§ INSTRUCTIONS FOR THE TASK:
Once "Η Lufthansa δηλώνει" turns up in a line below, reproduce that line and those after it exactly, stopping after the line with "Add a streetwear"; leave pictures out.

§ SOURCE RECORDS:
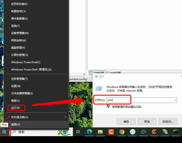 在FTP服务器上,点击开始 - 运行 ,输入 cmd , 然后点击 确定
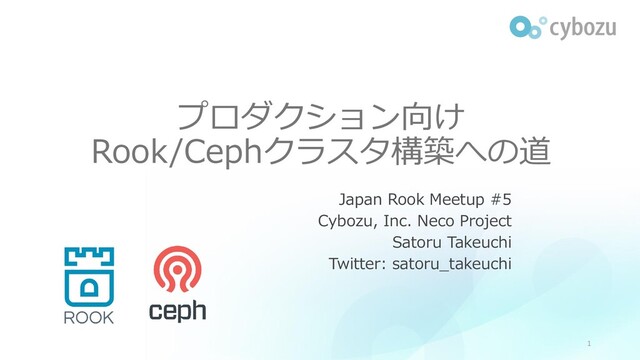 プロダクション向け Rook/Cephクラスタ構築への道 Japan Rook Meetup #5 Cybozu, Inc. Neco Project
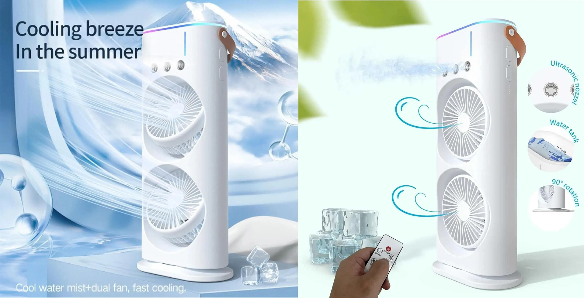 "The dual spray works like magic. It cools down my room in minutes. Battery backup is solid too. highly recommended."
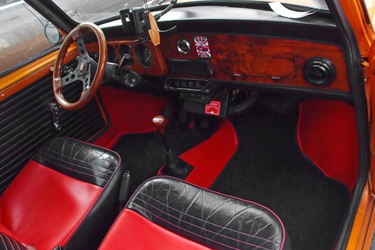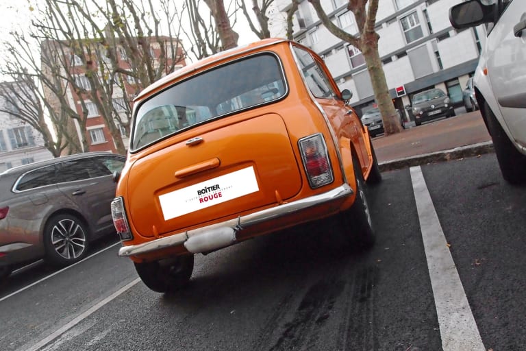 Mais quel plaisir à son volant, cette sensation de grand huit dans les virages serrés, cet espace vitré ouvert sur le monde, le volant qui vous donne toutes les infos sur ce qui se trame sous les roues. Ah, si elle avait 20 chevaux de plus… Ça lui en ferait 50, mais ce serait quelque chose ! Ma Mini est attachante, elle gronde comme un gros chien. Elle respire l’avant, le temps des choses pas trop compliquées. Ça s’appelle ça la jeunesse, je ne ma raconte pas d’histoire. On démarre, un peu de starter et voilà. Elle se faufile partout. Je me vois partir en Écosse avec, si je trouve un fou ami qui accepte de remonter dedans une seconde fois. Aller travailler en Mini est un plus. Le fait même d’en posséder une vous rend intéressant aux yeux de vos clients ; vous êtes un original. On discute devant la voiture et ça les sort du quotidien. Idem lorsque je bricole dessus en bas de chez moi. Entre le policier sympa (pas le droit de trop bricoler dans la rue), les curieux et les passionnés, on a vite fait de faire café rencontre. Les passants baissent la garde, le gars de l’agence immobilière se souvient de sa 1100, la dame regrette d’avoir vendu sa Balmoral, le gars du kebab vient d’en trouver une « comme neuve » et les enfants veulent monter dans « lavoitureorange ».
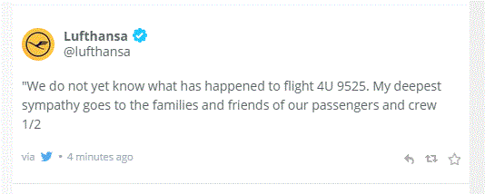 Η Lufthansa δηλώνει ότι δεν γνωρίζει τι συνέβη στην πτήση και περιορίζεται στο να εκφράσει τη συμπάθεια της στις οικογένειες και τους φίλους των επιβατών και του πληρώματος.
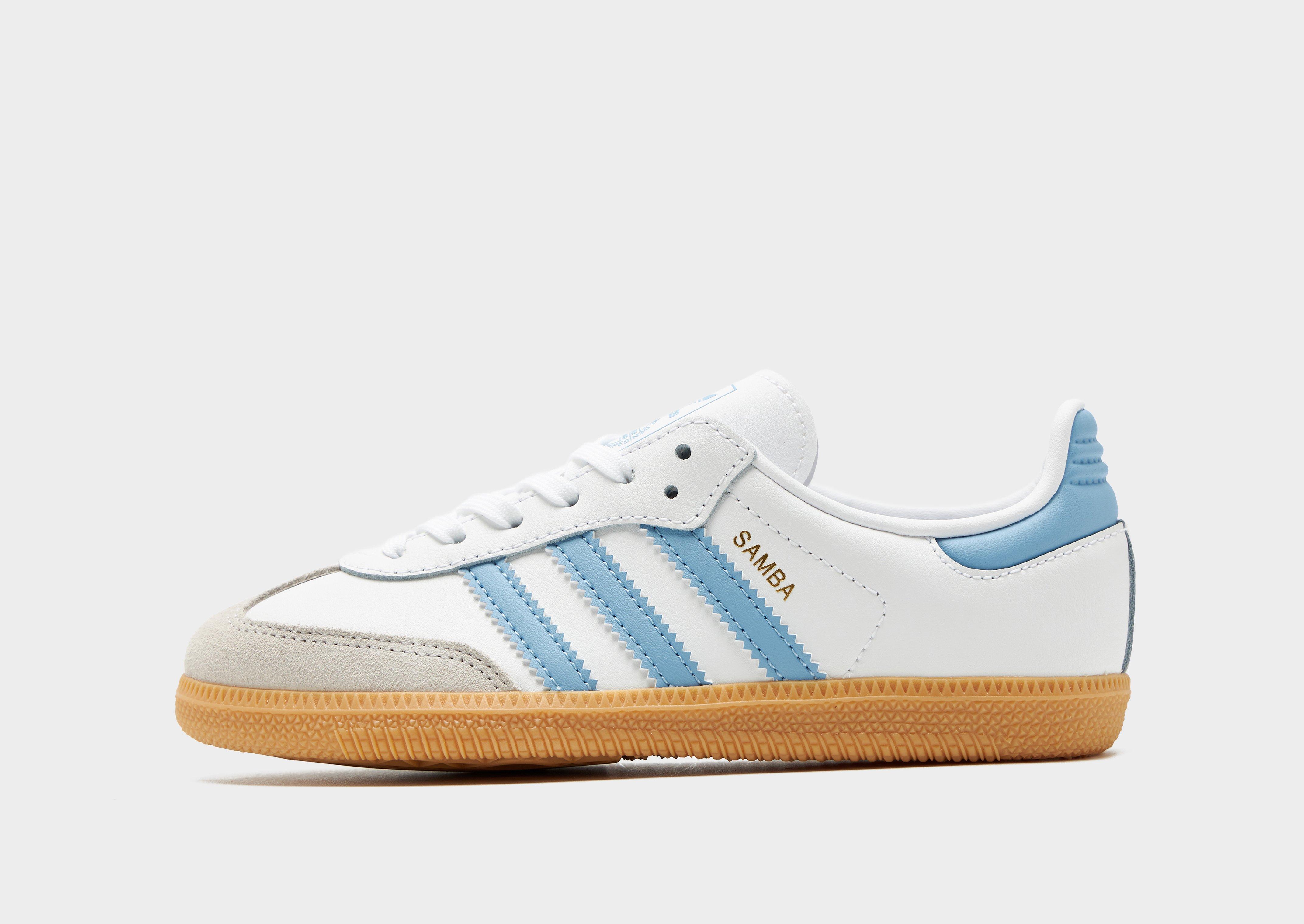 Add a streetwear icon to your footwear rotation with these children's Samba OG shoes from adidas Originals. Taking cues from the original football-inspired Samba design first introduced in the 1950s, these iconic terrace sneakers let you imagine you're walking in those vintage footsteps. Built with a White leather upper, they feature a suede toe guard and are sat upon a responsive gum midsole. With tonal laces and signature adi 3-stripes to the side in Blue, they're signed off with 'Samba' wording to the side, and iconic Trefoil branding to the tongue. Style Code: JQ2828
==
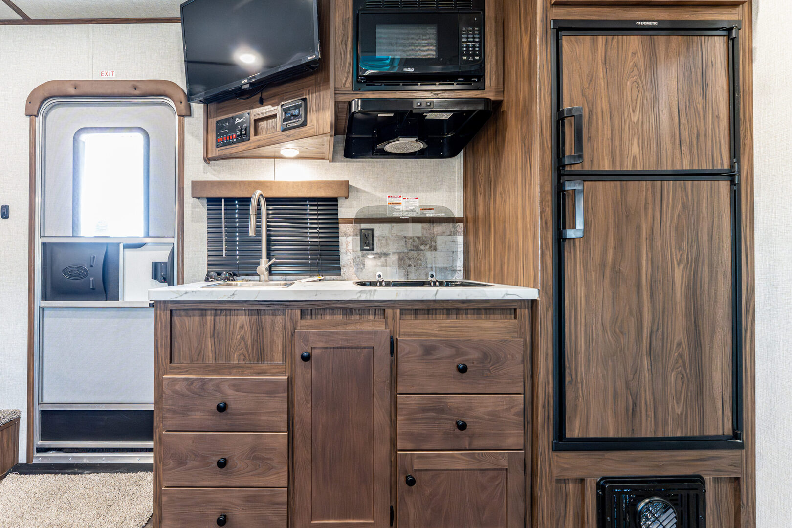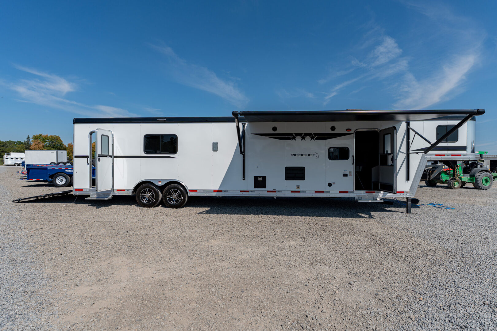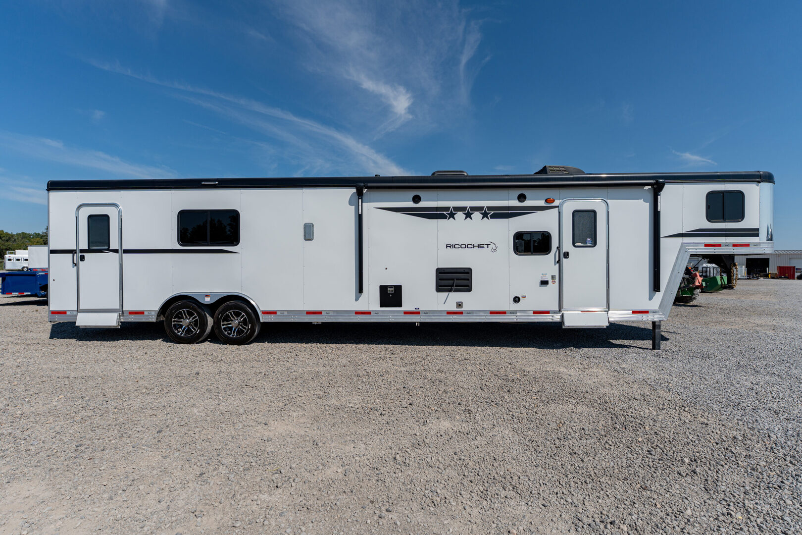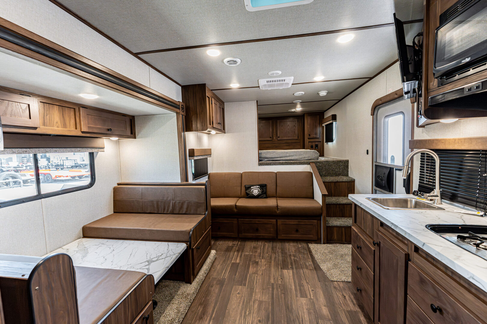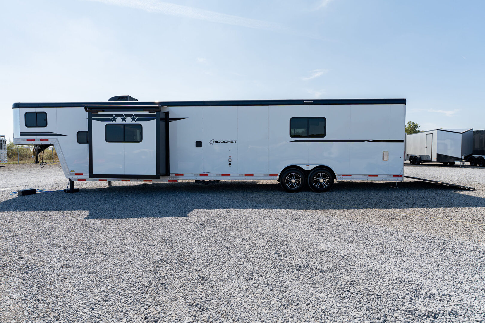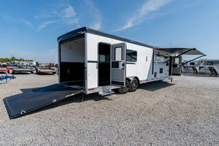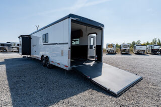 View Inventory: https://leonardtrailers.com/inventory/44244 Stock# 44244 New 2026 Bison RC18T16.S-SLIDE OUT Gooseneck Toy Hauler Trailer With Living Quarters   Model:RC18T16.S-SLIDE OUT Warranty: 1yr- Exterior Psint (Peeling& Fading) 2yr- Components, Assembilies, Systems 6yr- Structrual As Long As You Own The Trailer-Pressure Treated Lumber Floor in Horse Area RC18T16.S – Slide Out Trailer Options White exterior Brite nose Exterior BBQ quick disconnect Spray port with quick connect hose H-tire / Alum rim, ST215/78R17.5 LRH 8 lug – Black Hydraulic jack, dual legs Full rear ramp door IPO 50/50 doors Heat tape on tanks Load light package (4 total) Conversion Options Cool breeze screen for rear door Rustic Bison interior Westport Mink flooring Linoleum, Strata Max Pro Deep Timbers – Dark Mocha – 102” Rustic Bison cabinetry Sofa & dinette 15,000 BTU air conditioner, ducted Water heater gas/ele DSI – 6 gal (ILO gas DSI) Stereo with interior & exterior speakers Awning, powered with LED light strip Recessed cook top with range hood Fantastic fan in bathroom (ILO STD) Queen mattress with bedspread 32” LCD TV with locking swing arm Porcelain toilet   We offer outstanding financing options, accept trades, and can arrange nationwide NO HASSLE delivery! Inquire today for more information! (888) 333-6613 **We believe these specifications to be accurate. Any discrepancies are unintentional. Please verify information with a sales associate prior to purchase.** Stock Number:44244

§ SOLUTION TO THIS TASK:
 Η Lufthansa δηλώνει ότι δεν γνωρίζει τι συνέβη στην πτήση και περιορίζεται στο να εκφράσει τη συμπάθεια της στις οικογένειες και τους φίλους των επιβατών και του πληρώματος.
 Add a streetwear icon to your footwear rotation with these children's Samba OG shoes from adidas Originals. Taking cues from the original football-inspired Samba design first introduced in the 1950s, these iconic terrace sneakers let you imagine you're walking in those vintage footsteps. Built with a White leather upper, they feature a suede toe guard and are sat upon a responsive gum midsole. With tonal laces and signature adi 3-stripes to the side in Blue, they're signed off with 'Samba' wording to the side, and iconic Trefoil branding to the tongue. Style Code: JQ2828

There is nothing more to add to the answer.